Mob Boss: Did you check the money for marks?
Me: Why would I, we’ve never had a president named Mark
Mob Boss: …
Me: *getting nervous* H-have we?
Being an adult is like being in a Quentin Tarantino movie. It starts off real cool, there’s a lot of cussing, it’s very confusing, everyone dies.
My husband asked for a back scratcher for Father’s Day so apparently my days are numbered
Beerventory: Verb. The act of checking how many beers ya got BEFORE you start drinking to avoid running out when you can’t drive for more.
My husband better stop watching me back the car out of the driveway or I’ll hit the mailbox on purpose this time.
[Obama giving Trump the White House tour]
O: and here’s the toaster, it tends to stick so don’t be afraid to jam a fork in to get it workin
Whenever I’m at home drinking alone with my dog, I tell people I’m drinking with my dawg, so it sounds like I’m drinking with my cool friend
Pregnancy tests make me wish peeing on things answered more questions.
WIFE: please stop telling people you bought me on eBay. It’s not funny
[later]
THEM: so how did you two meet?
ME: I did NOT buy her on eBay
Wile E. Coyote’s Amazon reviews of Acme products are pretty scathing.
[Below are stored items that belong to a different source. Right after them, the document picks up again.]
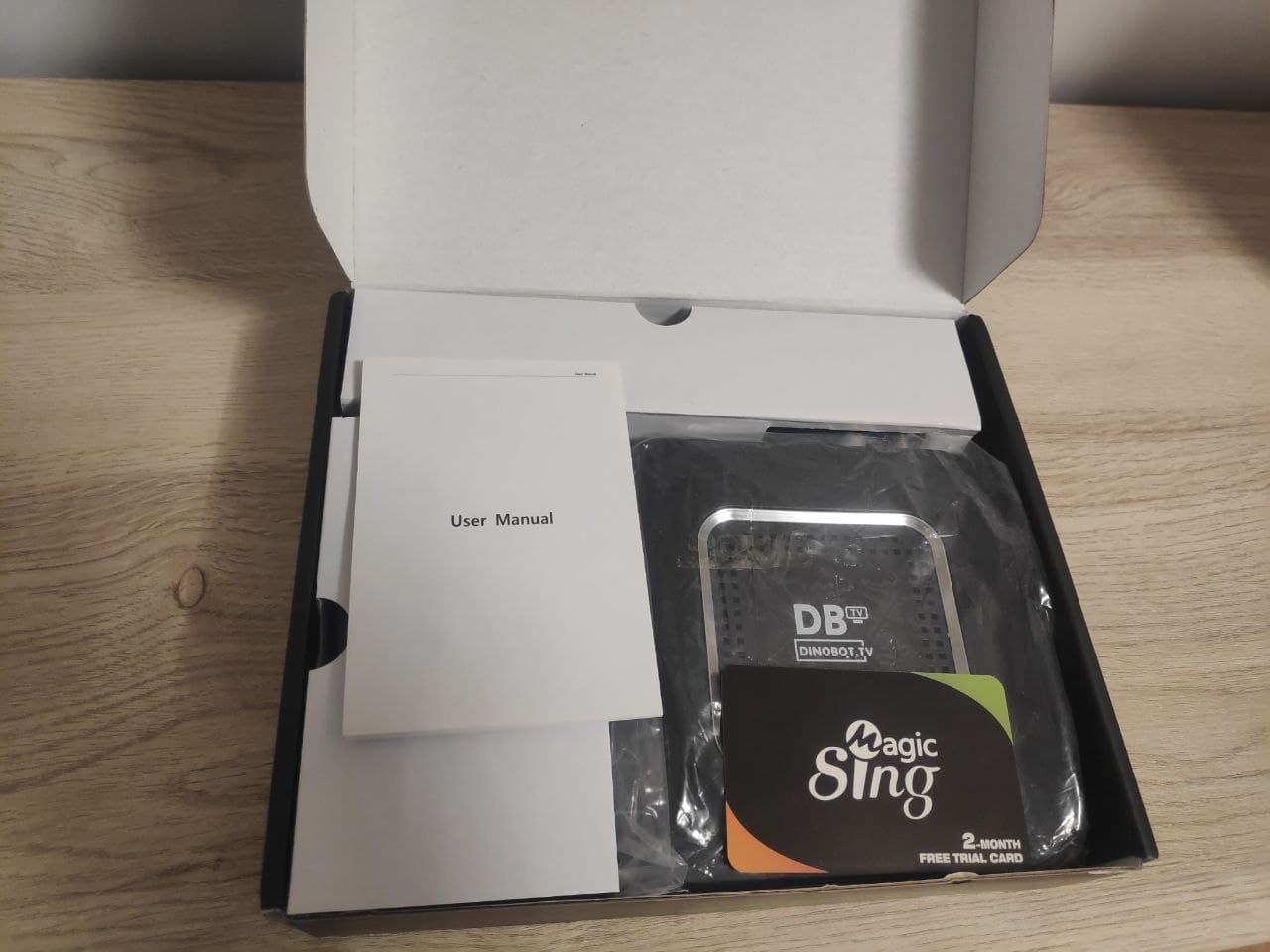 Este receptor Dinobot U5 mini 4K se presenta en una caja de carton tipica de carton en tonos negros con serigrafia de modelo y características del mismo, en el interior nos encontramos con:
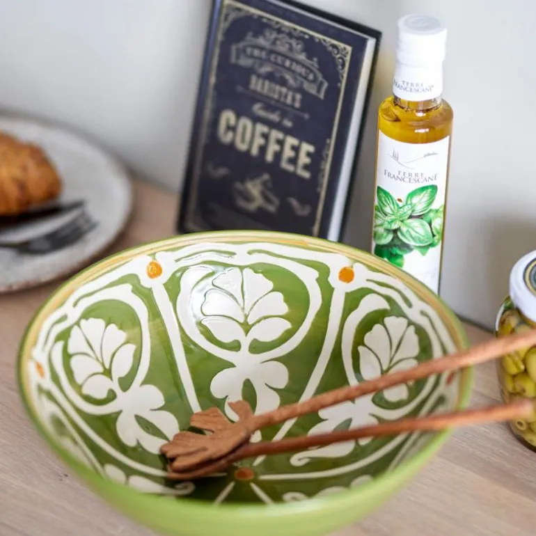Heikki skål 26,5 cm grønn fra Bloomingville er en vakker bolle med et håndmalt mønster i lyse og grønne nyanser. Det fine håndverket gjør bollen unik og gir en koselig og rustikk følelse til borddekkingen. Hver tallerken vil være unik da hvert penselstrøk gir et personlig preg og skaper en variasjon i designet.
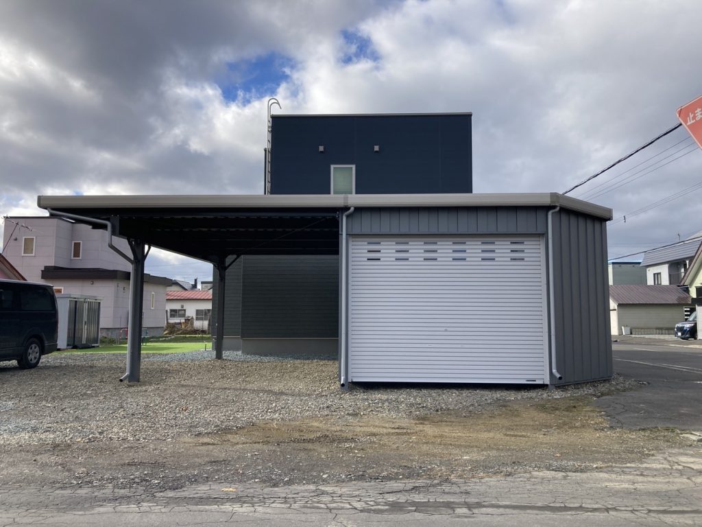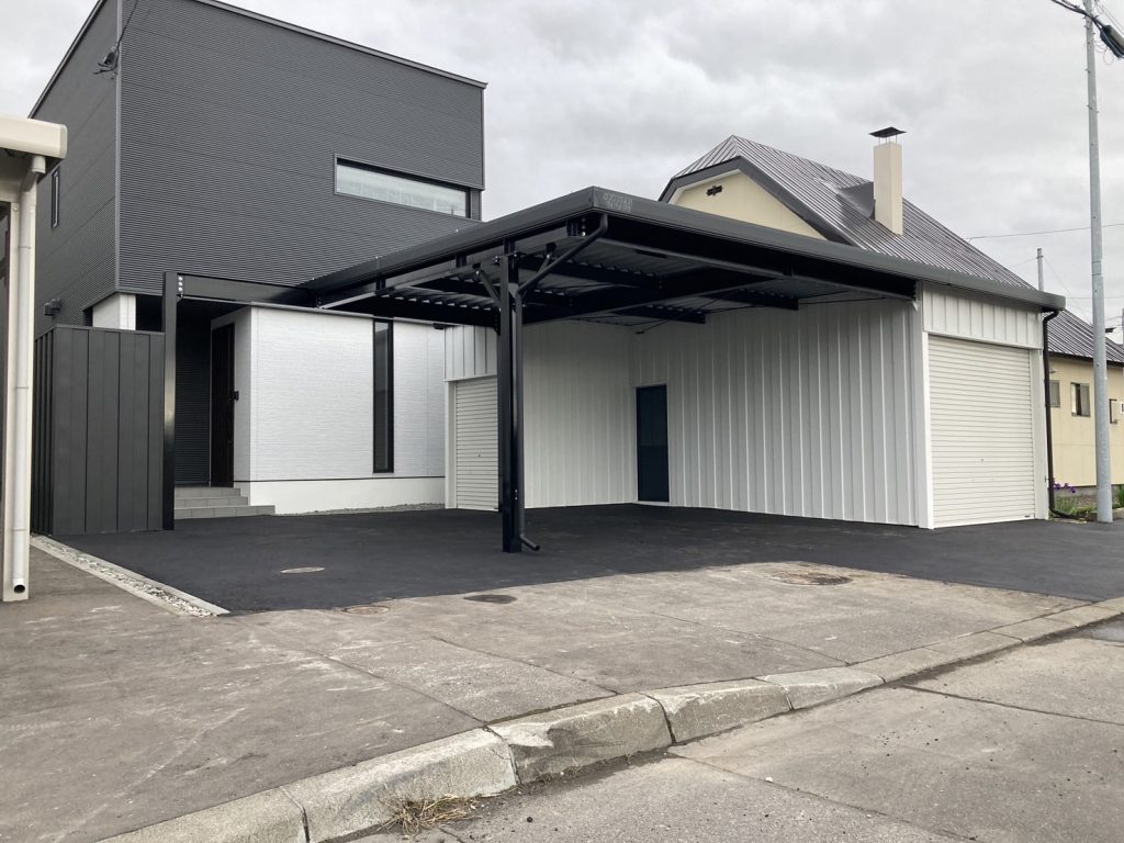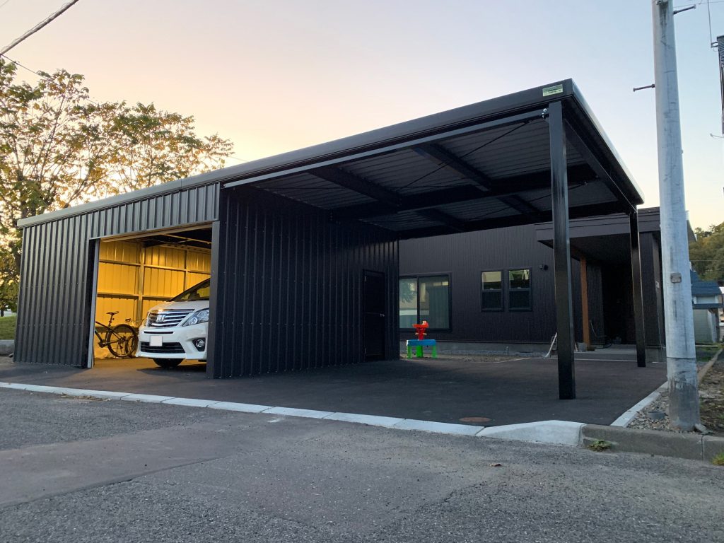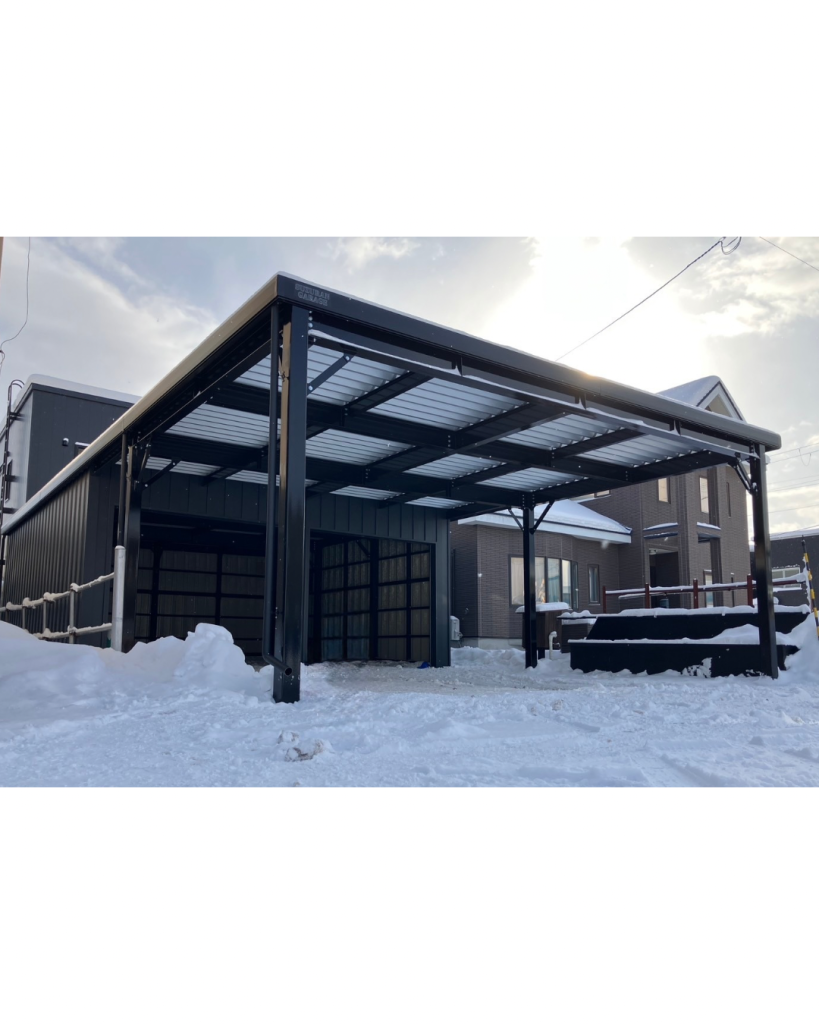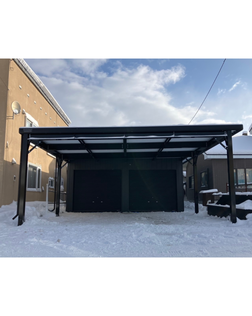 旭川施工 片袖付き1台用+ガレージ2台用カーポート 鉄骨塗装色:ブラック 外壁色(旧材):ブラック(縦) アルミ破風:ブラック シャッター:ホワイト ドレンパイプ:ブラック
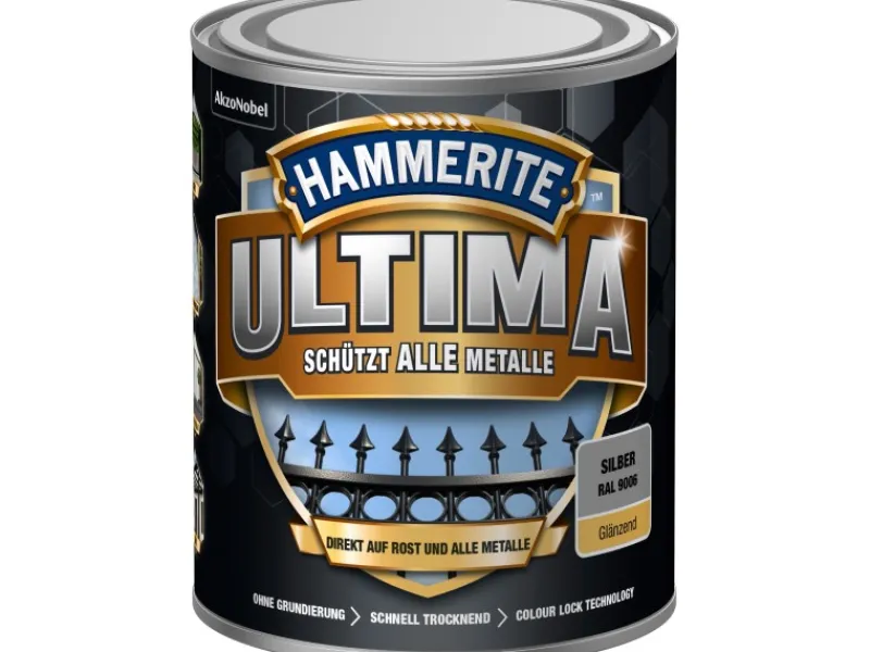 Die speziell entwickelte Rezeptur schützt jedes Metalle vor Rost, ist hochgradig witterungs- und UV-beständig. Hammerite Ultima schützt Gartenzaune, Treppen- und Balkongeländer, Garagentore, Fahrräder sowie viele weitere Metalle im Außenbereich. Erhältlich ist der Lack in 6 RAL-Farbtönen in Matt und Glänzend.

I’m told as a lady in my 30s I shouldn’t wear certain things anymore – like halter tops, pigtails, and the scalps of my vanquished enemies.
We’re all lucky we didnt grow up in medieval times because most court jesters were murdered.
If I ever met a Space Alien, I’d resist shaking its extended appendage, not knowing for sure the details of alien anatomy.
Sad that 25 years ago Homer Simpson seemed like a looser in American culture and now it’s like: “Whoa…that guy has a job AND owns a home?”